RAIDs (other than 0 or striping) are great for protection from drive failures... but it doesn't remove the issues of getting a virus that wipes things on the drives out, a corrupt resource fork, user error (ie deleting files), etc.. One thing that is nice about building the system for a Mac is that I have a lower risk of viri issues.

To help prevent the loss of a file because of a computer/virus/user related error, as well as theft or fire, I burn all of my photos from the archive onto DVDs for off-site storage. In addition to drives, you always want to have a physical back-up (DVD, etc.) that can be stored off-site incase of fire/theift.

Quote:

I have discovered that some of my older cheap CDs I have burned are not very good for archiving and some of the picture files are now corrupt




It is also a good idea to transition all the info to the latest media over time. Not only does the media break down and technology improves (and other formats will disappear... remember the floppy?). Yes, it takes time to do it, but as the media gets larger (CDs at 700MB -> DVDs at 4/8GB) it takes less time.

-Todd...
Posted By: snakeyes Re: External Hard Drive - 09/08/07 05:50 AM
Quote:

The problem with a lot of these drives, especially the high-capacity ones, is that they actually have two physical hard drives in them operating as one large disk. (The technical term is that they are "striped" together operating as a RAID 0 volume.) What this means is that if one of those drives should fail, you lose access to all your data, regardless of the integrity of the other drive.



Just to restate what Peter said a lot of the 1Tb are 2x500Gb stripped raid 0 so if one drive goes there is no way to recover the data. Though i know on the Western Digigtal 1Tb drive you can reconfig to raid 1 which is mirrored. so you would only have 500Gb of total space but when you copied to the external it would actually be making an identical copy on the second 500 Gb drive.
Jake
Posted By: Ken.C Re: External Hard Drive - 09/08/07 04:21 PM
You can also do this with the Maxtor drive.

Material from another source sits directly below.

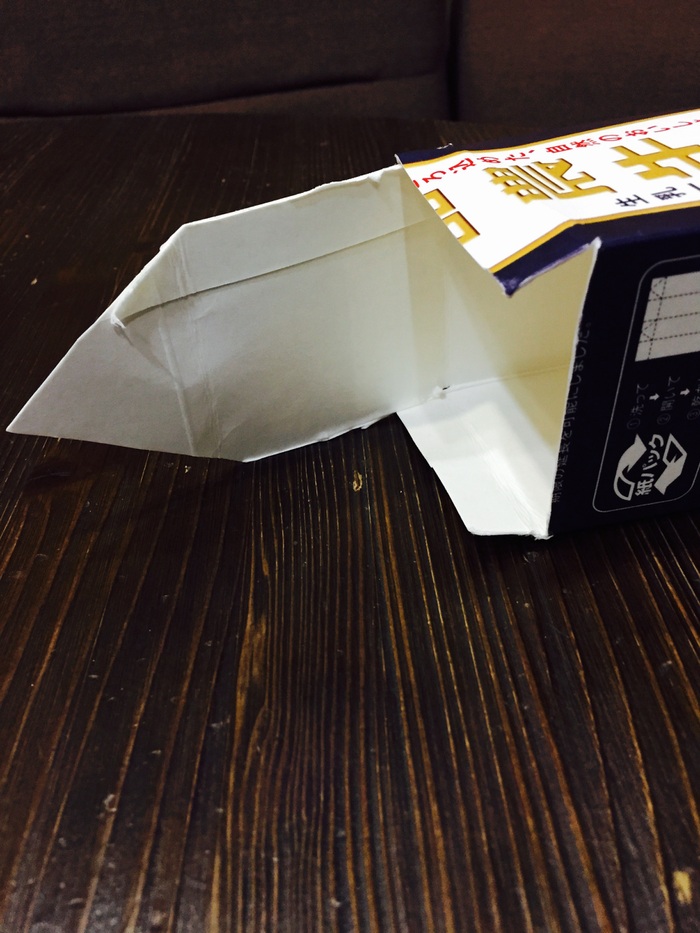 始めに切り取った牛乳パックの残りの糊付けされた部分を切り取り、大きな扇子折りにし、ケースの底にボンドで固定します。これをすると、ティッシュが少なくなっても押し上げてくれるので取りやすくなります。

Another thing to consider with the dual drive units is this: if one drive goes bad (and you're in RAID 1) will the warranty allow you to replace the drive yourself, or do you have to send it back to the factory? WD allows you to do the replacement yourself, while Maxtor voids the warranty when you open the case.
Posted By: snakeyes Re: External Hard Drive - 09/08/07 07:46 PM
oooh good catch & info thanks Ken.
Jake
Posted By: michael_d Re: External Hard Drive - 09/11/07 03:29 PM
Well Costco had some Seagate, 750 gig Free Agent Pro hard drives for $200, so I picked one up. I haven’t hooked it up or installed the software yet. The box description talks about some special software that comes with the drive. I didn’t read up on it much…. Anyone try one of these yet? Words of advice before I start messing with it?